The Mudcat Café TM
Thread #154510   Message #3625964
Posted By: Brian Peters
14-May-14 - 06:24 AM
Thread Name: Folklore: Traditional Singers Talking
Subject: RE: Folklore: Traditional Singers Talking
I'll try to watch on Friday, Jim.

You should definitely read Carrie Grover's account of the vital importance of singing in rural Nova Scotia in the early 20th century. I'll send it (it's a bit long to past here) if you tell me whether your gmail address or the eirecom on is the best to use.

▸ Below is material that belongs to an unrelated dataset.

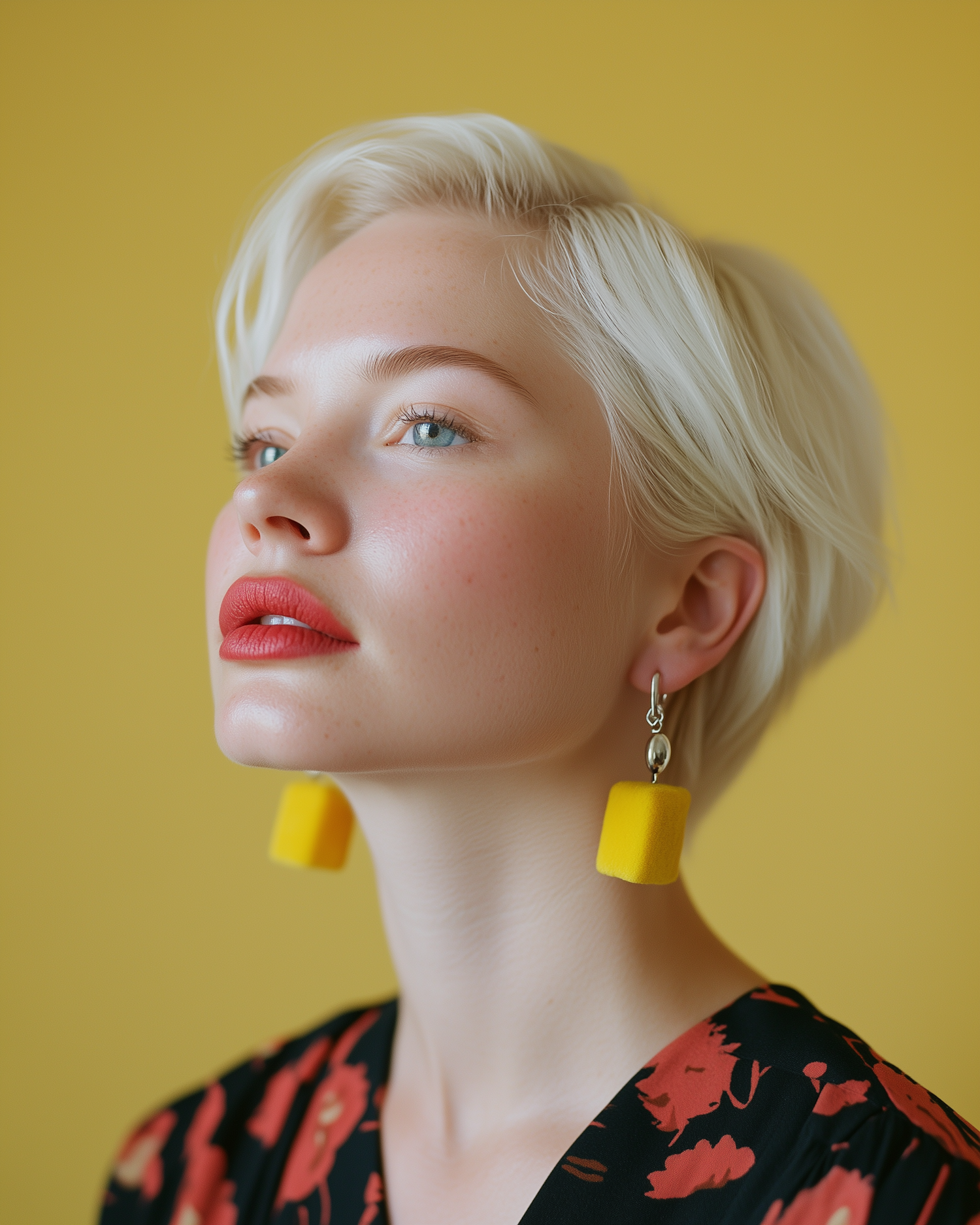 Elegant woman with platinum blonde hair and bold red lips, wearing yellow earrings against a mustard background.

And here's more. Frank and Anne Warner were very keen to note down singers' comments, and I recommend their book 'Traditional American Folk Songs' if you can find it anywhere. Some of the best stuff is from Frank Proffitt. Here he is talking about 'Bolamkin' (aka Long Lankin):

"I want to say that I never gave much thought to Bo Lamkin's feelings until I too got to building. It seems he got angry because 'pay he got none'. I have had a occasion or two of this kind, not much I am glad to say. I don't claim that I had murderous intent, but how I would have liked to take a big stone hammer and undone the work that pay I got none for. Old Bo, if he had only done this to his work would have had my admiration very much. Perhaps we would not have heard of him, then, which perhaps would have been just as well. I like to think of just where the place is now where he built the fine castle. For I believe it really happened as all the old ballad things. The older folks wanted a fact, then they went all out in building a legend around it, but never to destroy the fact that planted the seed. They kept it intact and thank God for it."

Proffitt's backstory to 'Love Henry' (which he called 'Song of a Lost Hunter') is really quite strange. He says he's used some phrases of his own (oral process at work!), but the interesting thing is that there's an even more horrible story sitting behind his ballad:

"I wonder if this should be a ballad that would be known anywhere. In trying to recall the way the song went, it is possible I use a rhyming word of my own here and there. It was sung to me at an early age. As with many other ballads, a tale went with it, but only as I grew up I learned the tale, which gave me more insight into its meaning. It seems the hunter, Heneree, was lost, and he come upon this evil woman's castle. She had had the paths filled up to make young hunters lose their way except for the path leading to her lands. She was not a beauty - therefore her demands for bed sharing. As I remember, she had a hole dug where each time she would dispose of her unwilling lovers. However gruesome it may sound, she took Heneree to her bed to make love after stabbing him. This part may have been in the song too, but it was not of the kind to be sung to me in my early years. Only in the tale did these facts come out. I seem to remember there was a part of the song where she too was put in the deep hole, but this part I do not have words for."